入学式の前段階。長くて申し訳ありません・・・。次回からやっと本格的に始まりますんで、もう少しお待ちください<m(__)m>

 大河たちは、椅子に座るととりとめの無い話をした。その内容は、春休みの間。何をしていたかに限定されていた。この学園は一度入ると、外に出る事を禁止されており、帰省する事は叶わないので、学園の中で何をしていたかに、話題は更に絞られた。


 しかし、この学園は学園都市と言われるくらいで、映画館や図書館やショッピングモールやらレストラン。ここで暮らす生徒の保護者が泊まれるようにホテルまで設置されていた。そのために、3人はお互い。別の友達もいたので、その人達との話をした。そんな話はお互い理解できないと思われるかもしれないが、しかし、幼稚園・小学校からずっとエスカレータ性なので、意外と全員が、共通の友達だったりするので、お互い話は理解できるのだ。


 そんな無駄話をしながら過ごしていると、入学式が始まるまで、後1時間くらいになって来た。その時、担任の先生になると思われるスーツ姿の男女が現れた。その二人は、大河達がパイプ椅子に座っているのを見つけると、こちらにやって来た。


 「おはようございます。あなた達は、儚地(はかなぢ)君と海神(わだつみ)君と真貝さんの3人ね。あなた達の話は中学の先生方から聞いてるわ。とても優秀らしいわね。それが、どうして3組なのか。理解に苦しむけれど。」


 女の方が3人に声をかけた。その女の見た目は、スーツ姿でかっこいい姿であるのだが、その顔は幼さが滲み出ていて、少し可愛げのある印象を大河は受けた。そして、その見た目でこの先生が誰であるのかに気づいた。彼女の名前は、厳島波(いつくしま なみ)という名前の先生だ。中学から高校に行った先輩から聞いたのだが、高校の担任になる先生の中で一番の当たりと言われる先生で、高校の先生の中で一番の優しさと教える上手さを誇っているという噂だった。



 「「「おはようございます。」」」


 3人は同時に挨拶した。厳島先生はニコリと微笑むと、3人の頭をポンポンと叩いた。


 「返事が出来てよろしい。私の名前は厳島波って言うんだけれど。あなた達は知っているかしら?それに、隣にいる先生も。」


 大河は女の先生の正体が正解だったので心の中でガッツポーズをしたが、もう一人の先生を思いだせない事に気づいた。しかし、隣に座る二人が頷いていたので、大河は一緒になって頷いた。


 「それより、聞きたいんだけど。どうしてあなた達は、3組なの?だって、この高校は、成績の順で1~18組で順番づけられている。あなた達の成績は、トップ3だったわ。なのにあなた達は、トップクラスの生徒が1~18組のどれでも選べる規律を使って、3組になった。どうしてかしら、何処でも選べるのに。何故、3組?そこがたまたま私の担当する組だから余計に気になってしまったんだけれど。」


 厳島先生の質問に、大河は答えに窮した。その理由を、大河と明香里は知らなかったのだ。ただ、麦人がそこが良いと言って決まっただけだったのだ。大河と明香里は、顔をしかめて麦人を見た。麦人は、2人をチラリと見つめると、厳島先生の顔をジっと見つめた。その表情は、何かを探っているような物だった。
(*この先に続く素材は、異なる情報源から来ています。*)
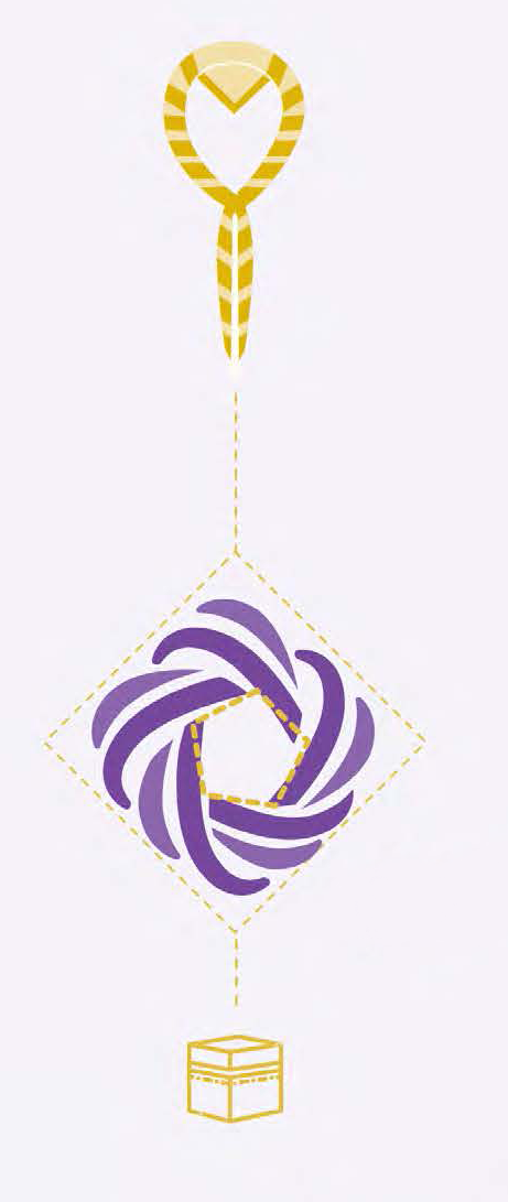 - الأبيض (لون الخلفية): يرمز إلى العطاء والنقاء والتوجه الخالص لله.

 「先生が良い人そうだから。それと、先生は知っているから。」


 麦人がそう言うと、厳島先生はハっとした顔をした。その表情は、何か痛い所をつかれたかのような表情をしていた。厳島先生はその反応を取り繕うかのように、感情の見えない笑顔に表情を変えると、横にいる男の方を見た。男の先生も、少し憤っているような顔をしていた。大河は、その二人の反応に違和感を覚えて、首をかしげた。横に座っている明香里も同じようで、そんな表情を浮かべていた。厳島先生と男の先生は、お互いに耳を貸しあって耳打ちしあっていた。


 そこで大河は、男の先生が誰であるかに気づいた。この高校の教頭である、亘千里(わたり せんり)という先生だ。確か、この高校史上。最年少の先生で、厳島先生も24歳と若いのだが、この亘先生も27歳と早い出世だったはずだ。見た目が寡黙なスポーツマンのような見た目で、少し自分に似ていたので、大河はこの先生に少しの憧れを抱いていた。しかし、顔をちゃんと見た事が無いので、今まで気づかなかったのだ。


 2人は話を終えると、麦人の目の前に立った。麦人は、それと同時に2人を見上げた。


 「どういう事か分かりました。教えてくれてありがとう。それじゃ私たちは、ここで失礼するわね。もうぐ生徒がたくさんやって来るだろうから。」


 

 2人がそう言うと、囁きあいながら、教師陣が座るための場所にスタスタと小走りで向かって行った。大河と明香里は、目を見開かせて麦人の顔を見た。しかし、麦人はその二人に気づいているはずであったが、何の感情も籠っていない表情を浮かべて、ただ行動の舞台の上を見ていた。


 大河は、その様子を見ながら、言い知れぬ不安が辺りをよぎるのを感じるのだった。



 その大河の不安をよそに、どんどんと他の教師陣が入ってきて、更に、この高校に入学するであろう他の生徒達も入って来た。その中には、大河達の友達陣が入っていたが、どういう訳だろうか。全員、3組以外に向かって行き、大河達の全く知らない人間だけがどういう訳か、3組の場所に向かってきた。大河は更に混乱した。何故なら、3組以外の生徒は全員。友達だったのだ。

 しかし、3組にだけ友達になる機会の無かった生徒のみが集まっていた。こんな偶然。普通は存在するだろうか。明香里も同じ事を思ったようで、横から大河の袖をギュっと握っていた。一方の麦人は、その光景を何処か不安気に。そして、とても楽しげに見つめているのだった。


 そして、始まるのだった。学園始まって以降の最低最悪な入学式が・・・。